RECORDED DATA:
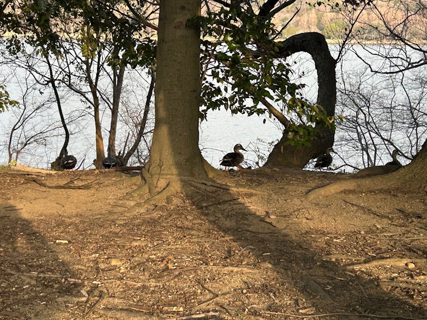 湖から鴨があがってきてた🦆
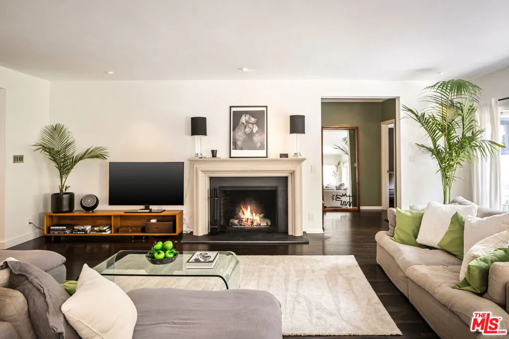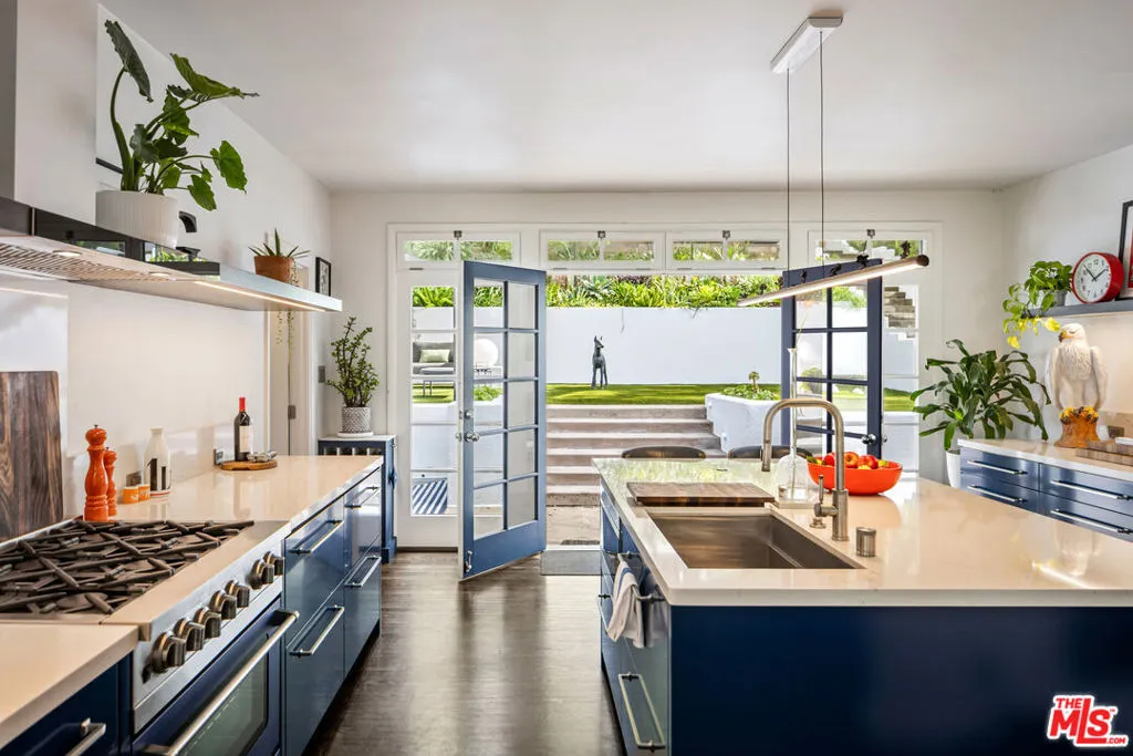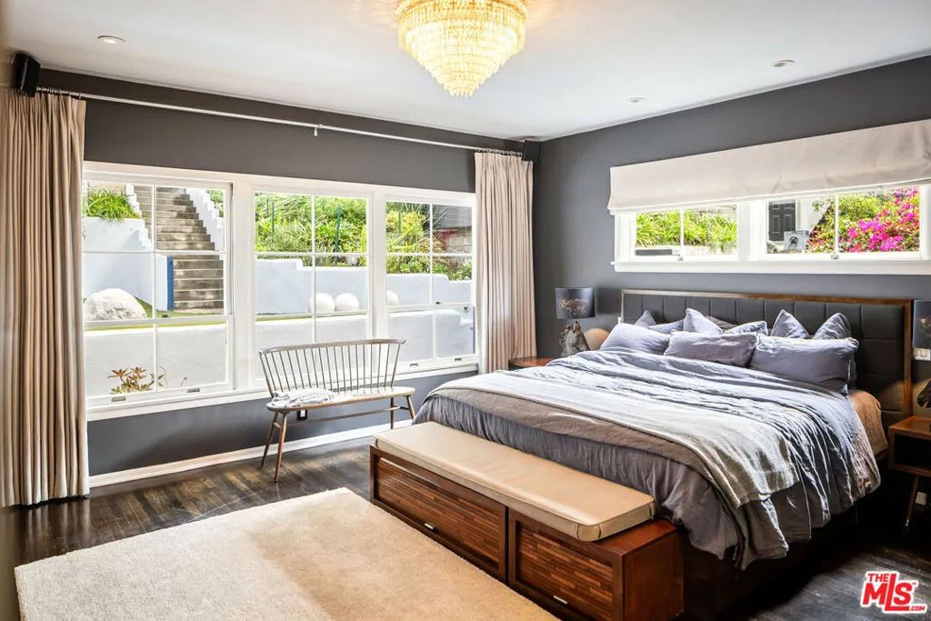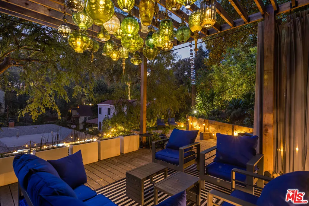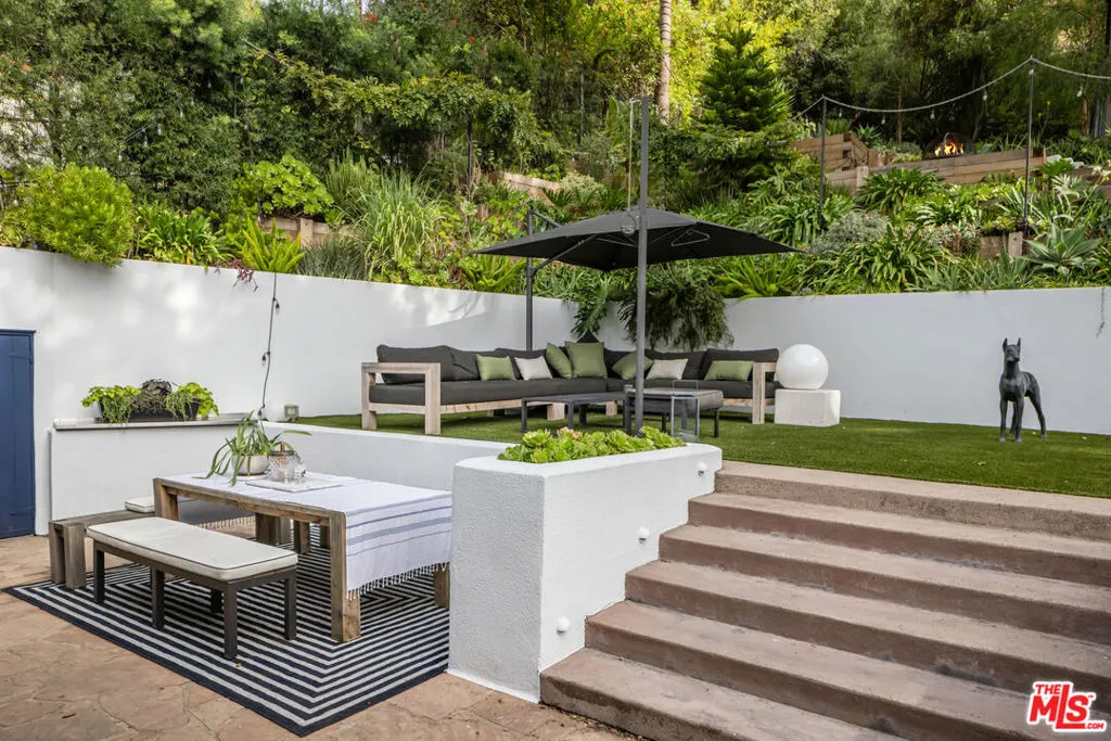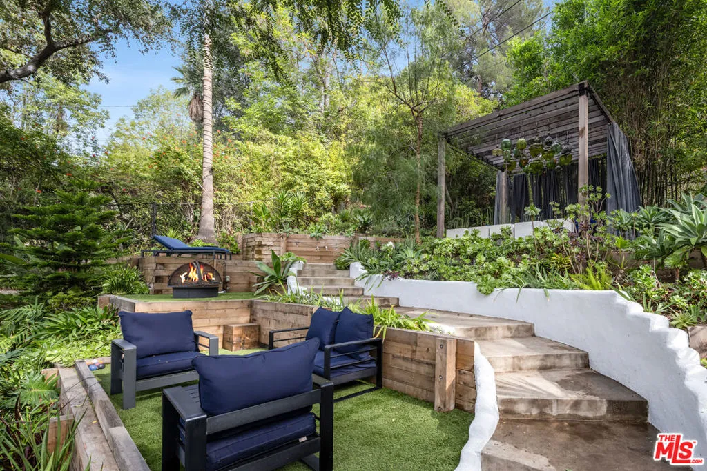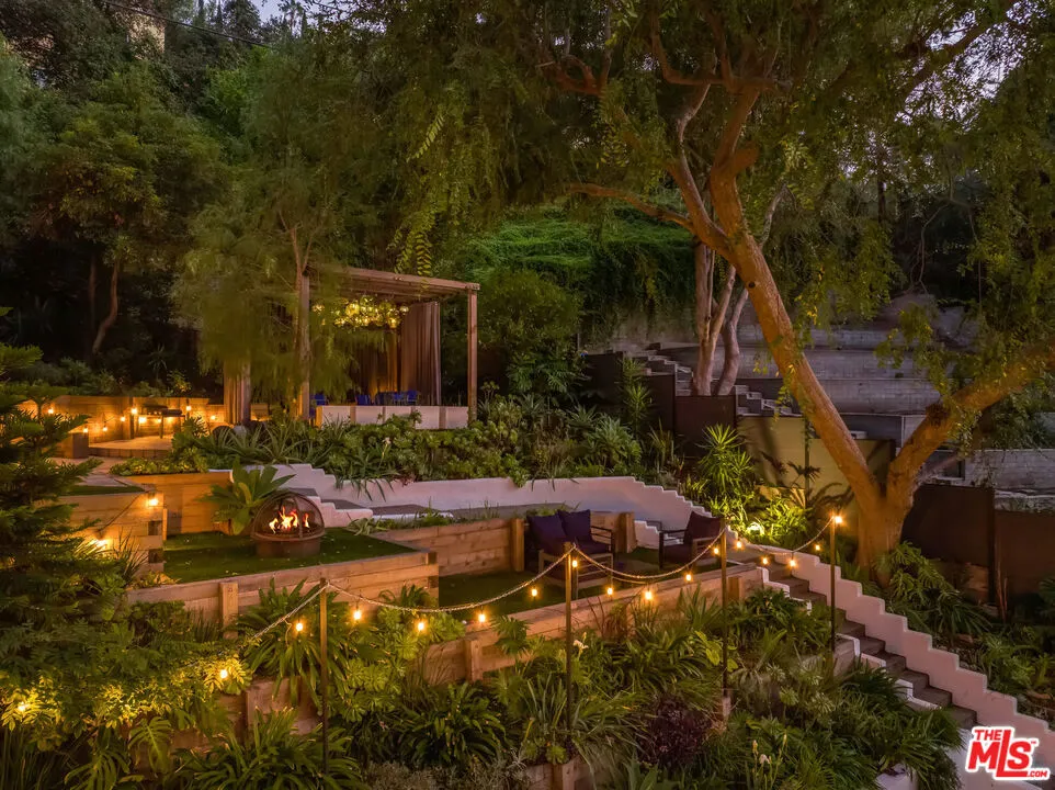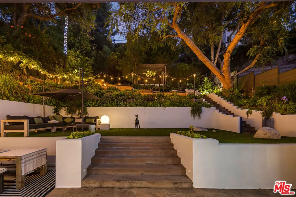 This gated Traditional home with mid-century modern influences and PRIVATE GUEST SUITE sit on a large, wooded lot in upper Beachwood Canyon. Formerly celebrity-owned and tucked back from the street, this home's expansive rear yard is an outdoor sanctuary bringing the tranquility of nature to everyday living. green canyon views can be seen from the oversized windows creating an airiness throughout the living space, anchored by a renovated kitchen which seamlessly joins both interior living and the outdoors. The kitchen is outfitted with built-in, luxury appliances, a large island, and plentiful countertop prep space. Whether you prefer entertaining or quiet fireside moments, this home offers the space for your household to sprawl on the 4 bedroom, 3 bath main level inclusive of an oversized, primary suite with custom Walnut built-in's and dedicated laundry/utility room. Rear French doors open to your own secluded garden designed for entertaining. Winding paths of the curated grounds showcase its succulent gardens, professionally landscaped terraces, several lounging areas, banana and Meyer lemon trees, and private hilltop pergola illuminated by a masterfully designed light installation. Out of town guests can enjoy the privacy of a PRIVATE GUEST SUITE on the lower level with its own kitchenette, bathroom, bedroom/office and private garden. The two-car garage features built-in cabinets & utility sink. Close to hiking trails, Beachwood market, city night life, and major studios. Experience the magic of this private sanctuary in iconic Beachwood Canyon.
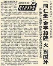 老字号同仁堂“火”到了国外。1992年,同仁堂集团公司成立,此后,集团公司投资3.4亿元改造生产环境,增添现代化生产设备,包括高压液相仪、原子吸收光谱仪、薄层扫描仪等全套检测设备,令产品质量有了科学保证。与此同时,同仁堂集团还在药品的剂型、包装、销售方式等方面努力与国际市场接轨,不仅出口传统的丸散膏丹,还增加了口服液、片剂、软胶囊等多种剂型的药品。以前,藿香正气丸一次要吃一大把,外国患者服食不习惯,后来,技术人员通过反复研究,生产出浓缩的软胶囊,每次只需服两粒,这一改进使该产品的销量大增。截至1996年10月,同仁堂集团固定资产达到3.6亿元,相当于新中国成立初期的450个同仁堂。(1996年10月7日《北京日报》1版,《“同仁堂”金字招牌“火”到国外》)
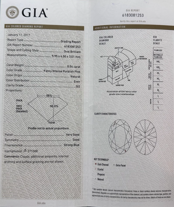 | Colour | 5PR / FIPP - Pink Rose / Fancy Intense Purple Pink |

PROBLEM DESCRIPTION:
Wherever a picture appears in the material above, skip it and copy the rest without change.

RESPONSE TO THIS TASK:
 湖から鴨があがってきてた🦆
 This gated Traditional home with mid-century modern influences and PRIVATE GUEST SUITE sit on a large, wooded lot in upper Beachwood Canyon. Formerly celebrity-owned and tucked back from the street, this home's expansive rear yard is an outdoor sanctuary bringing the tranquility of nature to everyday living. green canyon views can be seen from the oversized windows creating an airiness throughout the living space, anchored by a renovated kitchen which seamlessly joins both interior living and the outdoors. The kitchen is outfitted with built-in, luxury appliances, a large island, and plentiful countertop prep space. Whether you prefer entertaining or quiet fireside moments, this home offers the space for your household to sprawl on the 4 bedroom, 3 bath main level inclusive of an oversized, primary suite with custom Walnut built-in's and dedicated laundry/utility room. Rear French doors open to your own secluded garden designed for entertaining. Winding paths of the curated grounds showcase its succulent gardens, professionally landscaped terraces, several lounging areas, banana and Meyer lemon trees, and private hilltop pergola illuminated by a masterfully designed light installation. Out of town guests can enjoy the privacy of a PRIVATE GUEST SUITE on the lower level with its own kitchenette, bathroom, bedroom/office and private garden. The two-car garage features built-in cabinets & utility sink. Close to hiking trails, Beachwood market, city night life, and major studios. Experience the magic of this private sanctuary in iconic Beachwood Canyon.
 老字号同仁堂“火”到了国外。1992年,同仁堂集团公司成立,此后,集团公司投资3.4亿元改造生产环境,增添现代化生产设备,包括高压液相仪、原子吸收光谱仪、薄层扫描仪等全套检测设备,令产品质量有了科学保证。与此同时,同仁堂集团还在药品的剂型、包装、销售方式等方面努力与国际市场接轨,不仅出口传统的丸散膏丹,还增加了口服液、片剂、软胶囊等多种剂型的药品。以前,藿香正气丸一次要吃一大把,外国患者服食不习惯,后来,技术人员通过反复研究,生产出浓缩的软胶囊,每次只需服两粒,这一改进使该产品的销量大增。截至1996年10月,同仁堂集团固定资产达到3.6亿元,相当于新中国成立初期的450个同仁堂。(1996年10月7日《北京日报》1版,《“同仁堂”金字招牌“火”到国外》)
 | Colour | 5PR / FIPP - Pink Rose / Fancy Intense Purple Pink |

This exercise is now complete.